§ **Problem to work on**
Within the material below, locate the line with "Relive Steve Nash's" and the line with "in the first", then return those two lines and all lines between them, exactly as written.

§ **Source data**
↓↓↓
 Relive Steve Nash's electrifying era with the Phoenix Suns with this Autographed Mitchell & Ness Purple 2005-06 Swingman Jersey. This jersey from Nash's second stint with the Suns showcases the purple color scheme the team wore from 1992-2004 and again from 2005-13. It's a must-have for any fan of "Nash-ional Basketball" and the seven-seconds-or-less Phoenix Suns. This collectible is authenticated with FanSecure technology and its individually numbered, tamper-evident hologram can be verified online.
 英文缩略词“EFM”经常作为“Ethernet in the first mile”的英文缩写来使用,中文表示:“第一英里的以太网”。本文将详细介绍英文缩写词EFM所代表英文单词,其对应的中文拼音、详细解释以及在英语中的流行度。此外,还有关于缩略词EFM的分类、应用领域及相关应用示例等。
↑↑↑
↓↓↓
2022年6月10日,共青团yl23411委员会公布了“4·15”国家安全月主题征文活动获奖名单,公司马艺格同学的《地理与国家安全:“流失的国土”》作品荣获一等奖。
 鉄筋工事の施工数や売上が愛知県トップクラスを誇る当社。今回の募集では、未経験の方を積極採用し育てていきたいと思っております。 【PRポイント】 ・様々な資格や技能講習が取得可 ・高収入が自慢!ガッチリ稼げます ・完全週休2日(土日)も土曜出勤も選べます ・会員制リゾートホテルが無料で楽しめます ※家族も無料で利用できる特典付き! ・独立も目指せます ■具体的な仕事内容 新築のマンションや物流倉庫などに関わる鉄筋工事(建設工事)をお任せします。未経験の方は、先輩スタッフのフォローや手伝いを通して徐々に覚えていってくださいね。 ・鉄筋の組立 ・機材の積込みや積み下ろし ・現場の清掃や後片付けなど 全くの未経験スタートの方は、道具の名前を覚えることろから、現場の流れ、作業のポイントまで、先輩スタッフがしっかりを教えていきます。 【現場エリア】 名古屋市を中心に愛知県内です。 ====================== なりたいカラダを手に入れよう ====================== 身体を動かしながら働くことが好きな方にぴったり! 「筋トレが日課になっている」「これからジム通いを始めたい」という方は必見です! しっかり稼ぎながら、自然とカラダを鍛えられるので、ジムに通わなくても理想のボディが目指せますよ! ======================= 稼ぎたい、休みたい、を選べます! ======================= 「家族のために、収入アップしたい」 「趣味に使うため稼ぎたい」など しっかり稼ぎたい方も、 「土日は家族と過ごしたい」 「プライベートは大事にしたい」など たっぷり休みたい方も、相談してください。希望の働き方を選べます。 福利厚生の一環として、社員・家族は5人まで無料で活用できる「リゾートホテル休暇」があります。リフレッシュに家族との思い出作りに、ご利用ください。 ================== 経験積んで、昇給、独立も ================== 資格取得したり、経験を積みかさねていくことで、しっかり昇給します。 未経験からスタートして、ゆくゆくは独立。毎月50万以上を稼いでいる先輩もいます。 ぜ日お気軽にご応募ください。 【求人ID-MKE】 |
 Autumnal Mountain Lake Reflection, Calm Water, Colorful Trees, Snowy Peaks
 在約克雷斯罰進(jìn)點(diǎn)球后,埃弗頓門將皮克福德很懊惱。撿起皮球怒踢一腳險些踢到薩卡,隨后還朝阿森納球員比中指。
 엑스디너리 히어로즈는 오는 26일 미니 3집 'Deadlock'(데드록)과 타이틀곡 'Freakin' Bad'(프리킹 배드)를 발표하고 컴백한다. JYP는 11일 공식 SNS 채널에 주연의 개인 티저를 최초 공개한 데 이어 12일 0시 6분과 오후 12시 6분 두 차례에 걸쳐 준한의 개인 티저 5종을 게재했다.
↑↑↑
↓↓↓
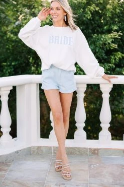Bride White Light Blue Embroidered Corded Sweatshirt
↑↑↑
§ **Written reply**
 Relive Steve Nash's electrifying era with the Phoenix Suns with this Autographed Mitchell & Ness Purple 2005-06 Swingman Jersey. This jersey from Nash's second stint with the Suns showcases the purple color scheme the team wore from 1992-2004 and again from 2005-13. It's a must-have for any fan of "Nash-ional Basketball" and the seven-seconds-or-less Phoenix Suns. This collectible is authenticated with FanSecure technology and its individually numbered, tamper-evident hologram can be verified online.
 英文缩略词“EFM”经常作为“Ethernet in the first mile”的英文缩写来使用,中文表示:“第一英里的以太网”。本文将详细介绍英文缩写词EFM所代表英文单词,其对应的中文拼音、详细解释以及在英语中的流行度。此外,还有关于缩略词EFM的分类、应用领域及相关应用示例等。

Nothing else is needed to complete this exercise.